The tendency to slip into the image repertoire of desperate acts is countered only by direct improvements to the quality of life, that is through the mundane game of increasing wage rates (without at the same time permitting a corresponding increase in productivity), and by the self-expansion of free time outside of work. The wage is the only objective measure of presence permitted in the world, and to subjectively increase it is to literally expand the self's implication with world production but expand it from a reversed perspective. The productive environment seeks to cut the cost of variable capital, and supplant it by machinery, but it also fetishise the ontology of work. As wages fall relative to the potential for independent wealth (the 'millennial' cannot buy land or retirement, retreat from the world has become increasingly difficult but entertainment, food, consumer technology are all relatively cheap) the potential for individual autonomy declines, and the moral status of work rises as an end in itself. 

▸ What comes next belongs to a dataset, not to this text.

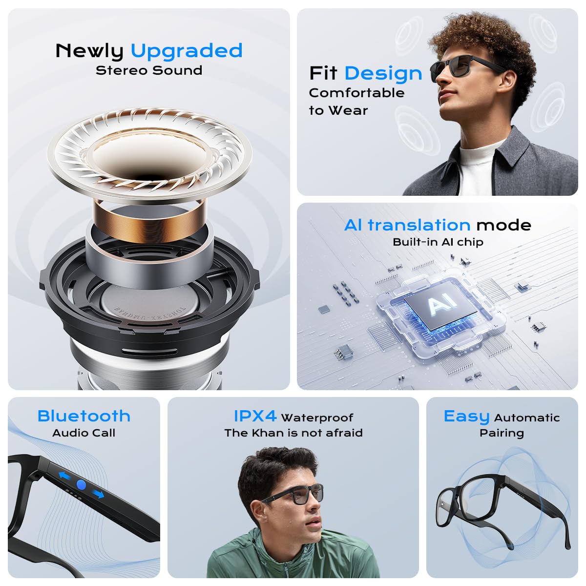【Built-in Microphone and Speaker】Speaker glasses are equipped with two superior speakers on each side and the microphone is hidden, it can 360°enhance stereo sound, with upgraded mic built into the frame, you can take calls hands-free listen and speak clearly.

No acts of revolt, or 'communising measures', trapped as they are in the realm of the particular, will ever decisively impact upon this general trend - for this reason, there is no option but to explore the project of self-realisation objectively within the system of value, and by the only measure that the system itself recognises. Only the subjective increase of the objective cost of the reproduction of labour (literally, wages forced to the level at which land becomes affordable) will push the system's internal contradictions to crisis beyond crisis. The alternative, the expansion of labour and the fall in the purchasing power of wages results in a continual diminution of existence: cramped rooms, house shares, and a virtual live lived as the refutation and relinquishment of dimensionality itself. Where accelerationism seeks the objective expulsion of labour, subjective expansion of the wage form as a cost of production seeks disintegration from the hold of dead labour. It almost passes without mentioning that the character of socialisation expressed by the wage form, as a measure of presence in the world, diverges from that of the sociability generated by images, even though the wage is representation in its perfected form. Because the wage is integral to the system of production, and thus to the apparatus of labour's reproduction: there can be no subjective increase in wages that is not also radically socialised. In practice, there are no individual wage increases but only general fluctuations. 

The mechanism of desublimation that releases desperate acts of individual violence into the world is itself triggered where image-socialisation has supplanted collective activity around the wage, this is also the point at which the ideal of autonomy centred on material wealth is thwarted and replaced by a digital representation. The re-discovery of free time situated in material space, and away from the hold of screens, is a basic condition for any attempt at subjectively instigating the struggle to increase wages in general. Where free time is expanded, its nature must be separated from dead time, those polluted lacunae, dreary browsings, the lassitude of distractions, which induce in the individual a compensational desire for the purposeful energetics of work tasks for their own sake. In its self-separations, free time is only experienced in those moments of true darkness, where consciousness is severed from digital communications, and the subject begins to make out other constellations in the night sky.  Those who exist at the point of giving way to ideological literalism and becoming subsumed, for whatever cause, within the seeming imperative of the desperate act, should consider instead setting other terms and expanding the domain of their free time. Life circumstances are improved only by improving life circumstances - the monotheistic fetish of suffering and struggle, where liberation is accessed only by the narrow path, and at a high cost, functions as an impediment to life improvement. The study of moths for example as expanded free time is incompatible with acting out and shooting strangers, and therefore a handy alternative to it. Better yet, free time should conform to those patterns upon which weavers may devolve to spiders, and architects defer to bees.